Provided records
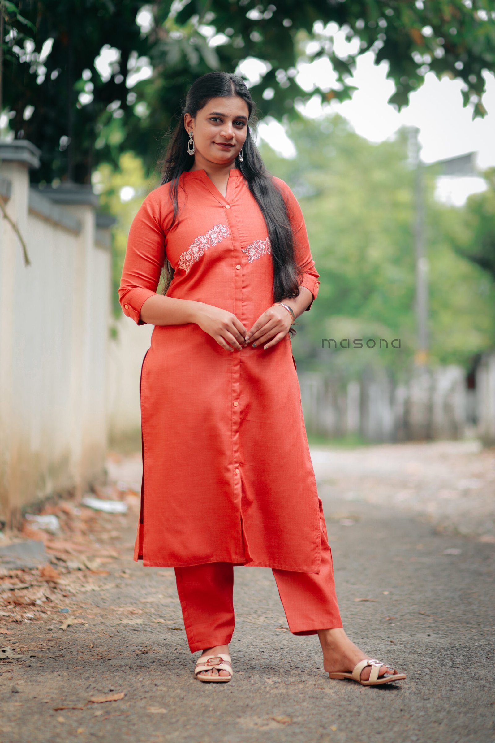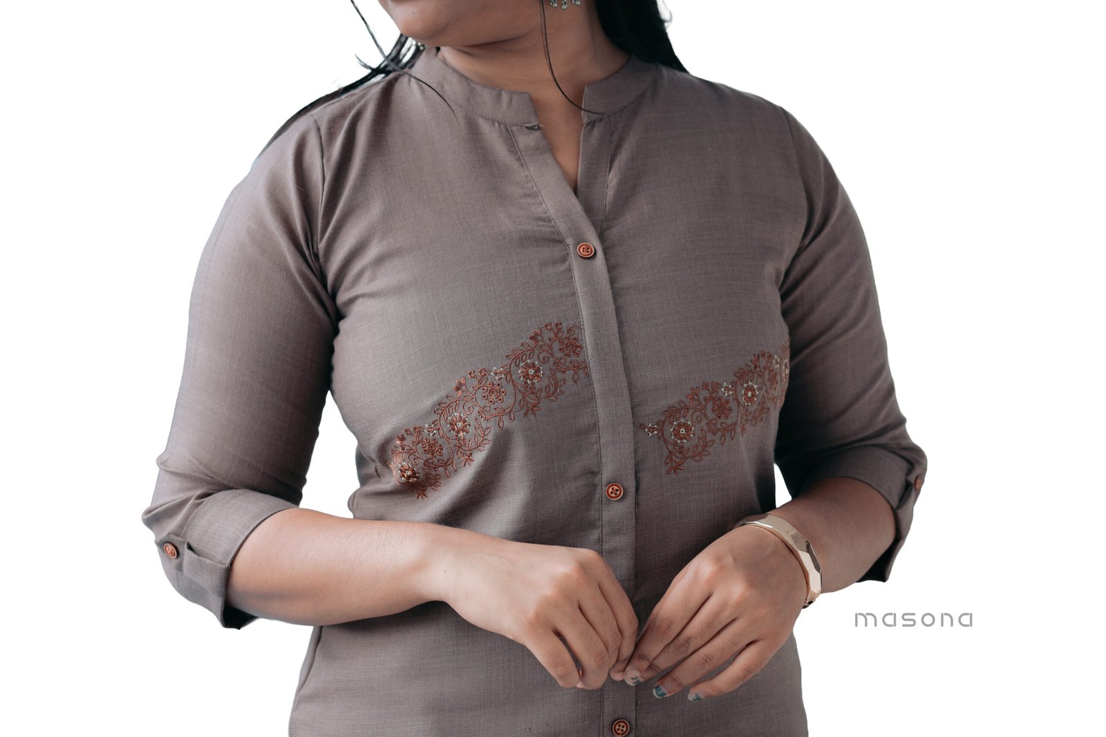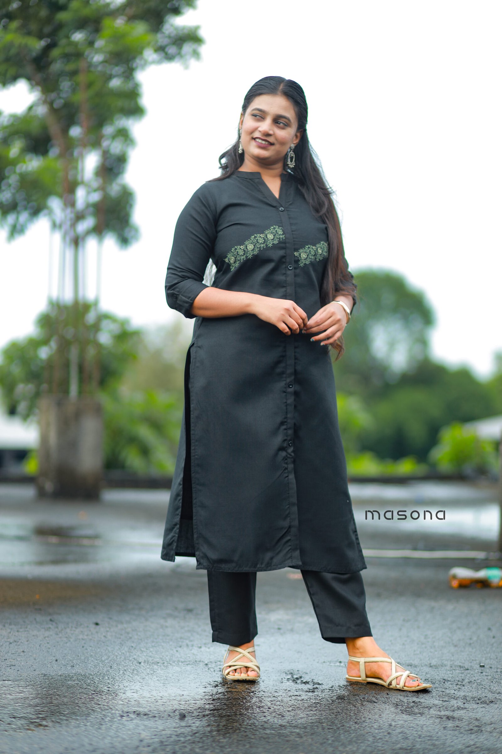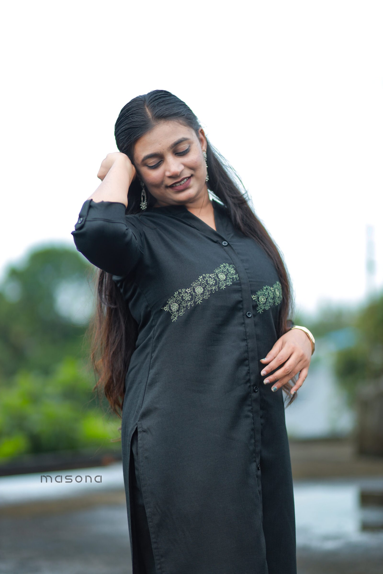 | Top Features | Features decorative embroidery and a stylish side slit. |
==
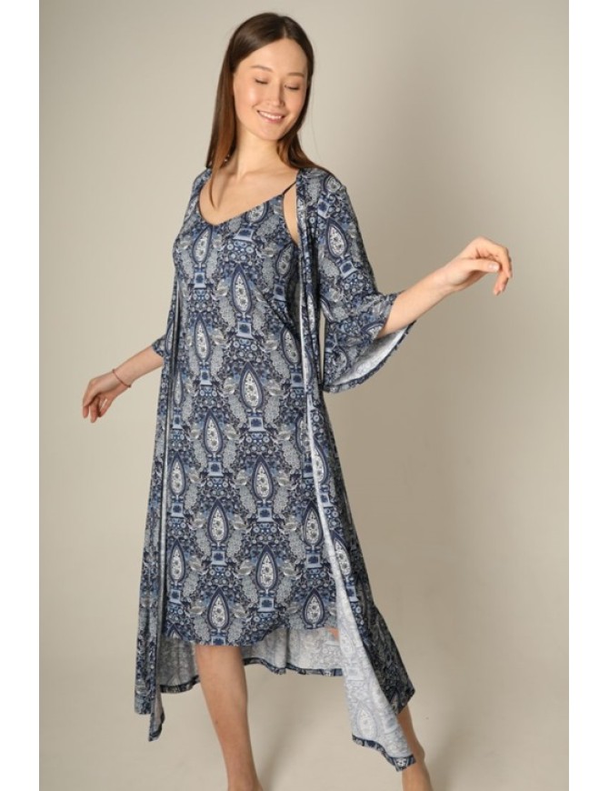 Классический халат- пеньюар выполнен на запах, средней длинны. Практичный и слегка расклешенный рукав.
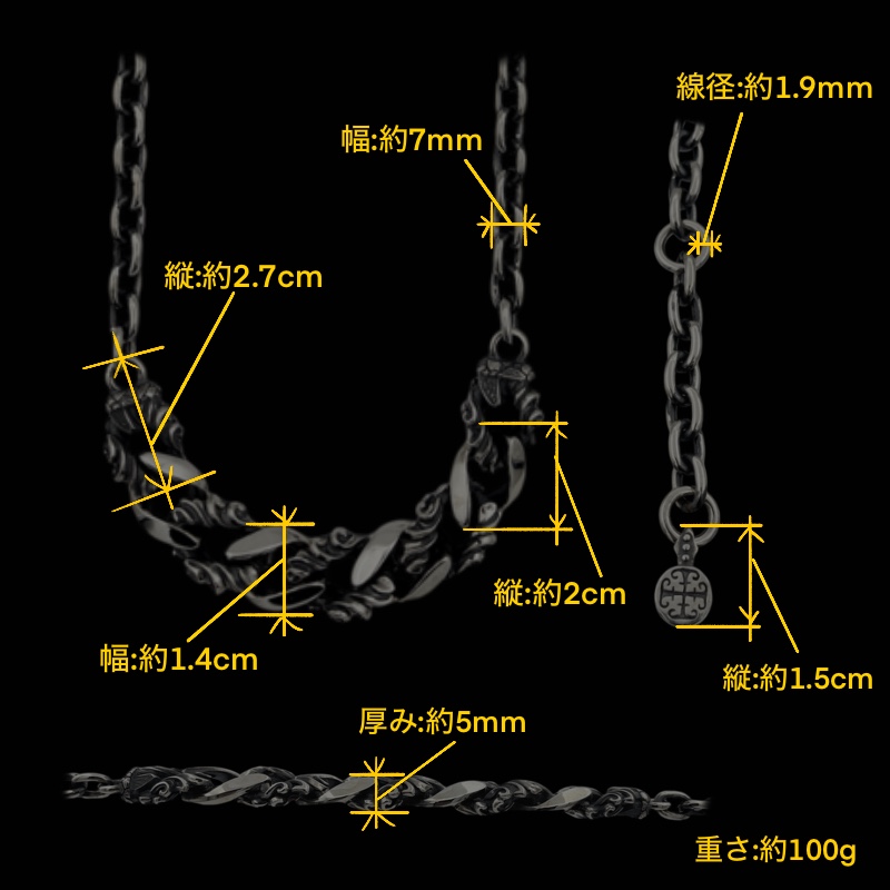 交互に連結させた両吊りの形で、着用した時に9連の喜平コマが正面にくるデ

Task objective
Please copy the lines above exactly, starting at the line that holds "Классический халат- пеньюар" and ending at the line that holds "交互に連結させた両吊りの形で、着用した時に9連の喜平コマが正面にくるデ"; include both, but no pictures.

Result of this exercise
 Классический халат- пеньюар выполнен на запах, средней длинны. Практичный и слегка расклешенный рукав.
 交互に連結させた両吊りの形で、着用した時に9連の喜平コマが正面にくるデ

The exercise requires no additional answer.